Documentation for prefer_low_scores, prefer_high_scores, prefer_uncertain

Prodigy has three built-in functions to drop examples based on a score: prefer_low_scores(), prefer_high_scores() and prefer_uncertain. All are found in the prodigy.components.sorters module. They are not documented anywhere, but very useful for anyone doing some custom stuff with Prodigy.

Because of the lack of documentation and available source code I ran experiments to figure out what exactly these functions do.

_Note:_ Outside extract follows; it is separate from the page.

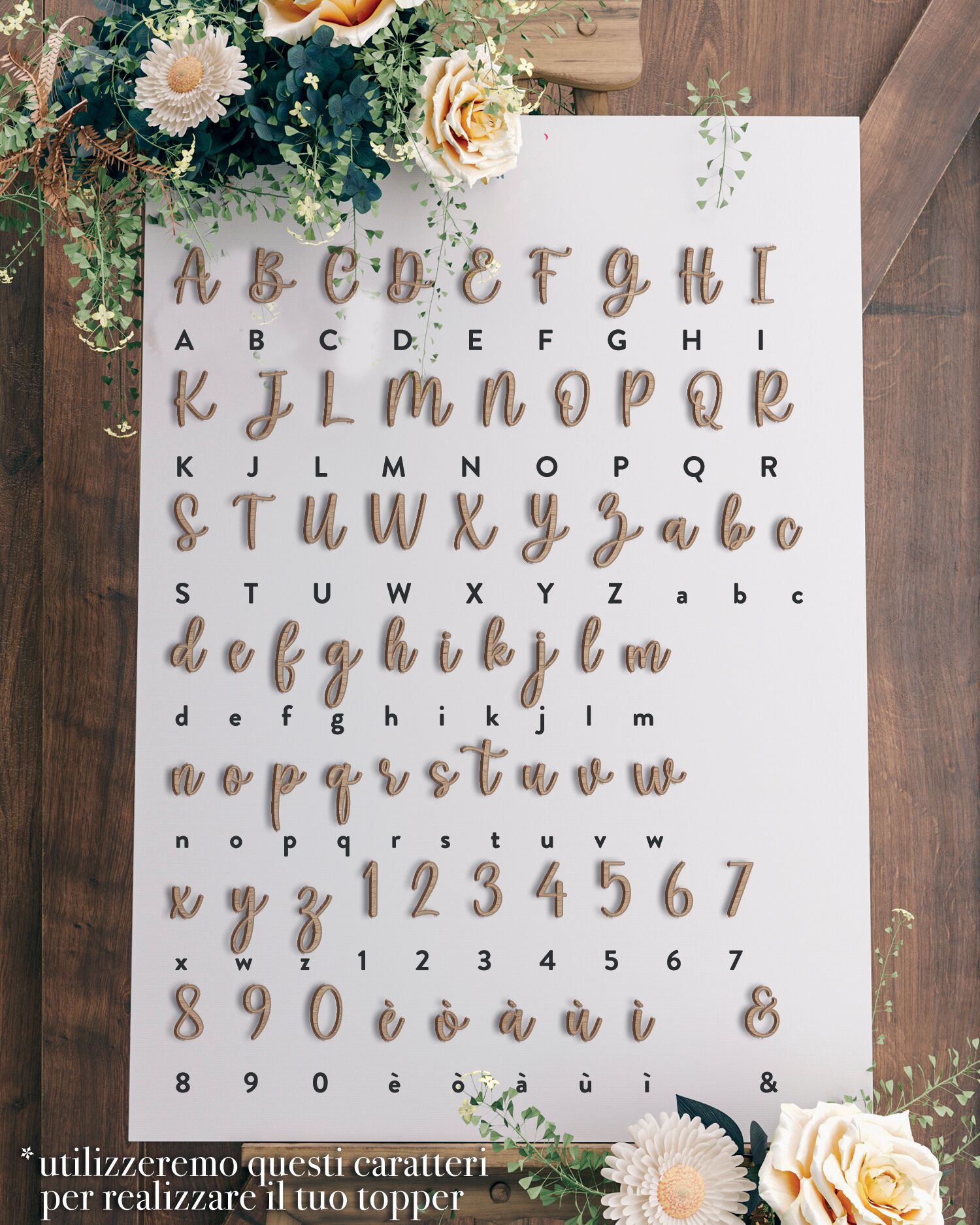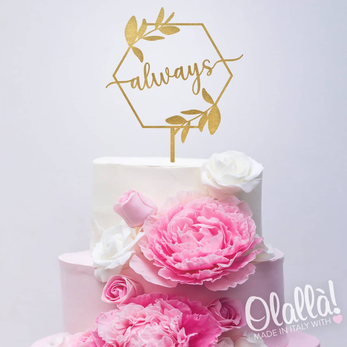 Questi cake toppers sono incisi a laser su acrilico spesso 2 mm o legno di betulla spesso 3 mm a seconda della vostra preferenza. Se non siete sicuri di che dimensione o colore scegliere il vostro cake topper, contattateci a servizioclienti@olalla.it per ricevere la nostra consulenza!

One important insight is that they drop 50% of examples. The distribution of scores of the remaining examples is shown in below histograms.

import random
import pandas as pd
import matplotlib.pyplot as plt
from prodigy.components.sorters import prefer_low_scores, prefer_high_scores, prefer_uncertain

n = 100000
stream = []
for _ in range(n):
    r = random.uniform(0, 1)
    stream.append((r, {'score': r}))

def show_histogram(func, ax):
    scores = [s['score'] for s in func(stream)]
    pd.Series(scores).hist(ax=ax)
    ax.set_title(func.__name__)

fig, ax = plt.subplots(ncols=3, sharex=True, sharey=True, figsize=(15, 5))
show_histogram(prefer_low_scores, ax=ax[0])
show_histogram(prefer_high_scores, ax=ax[1])
show_histogram(prefer_uncertain, ax=ax[2])

I think it would be very useful to have this in the official documentation.

Hi! The histograms are pretty cool :+1: You can find the API docs of the sorters here – sorry if it was hard to find: https://prodi.gy/docs/api-components#sorters

The perfer_high_scores, prefer_low_scores and prefer_uncertain sorters select which examples to send out and operate on batches of potentially infinite streams. So they use an exponential moving average to decide which examples to send out, based on the distribution of previous scores. This also prevents it from getting stuck as the model's predictions change and it assigns different scores based on the previous annotations (see here for more details).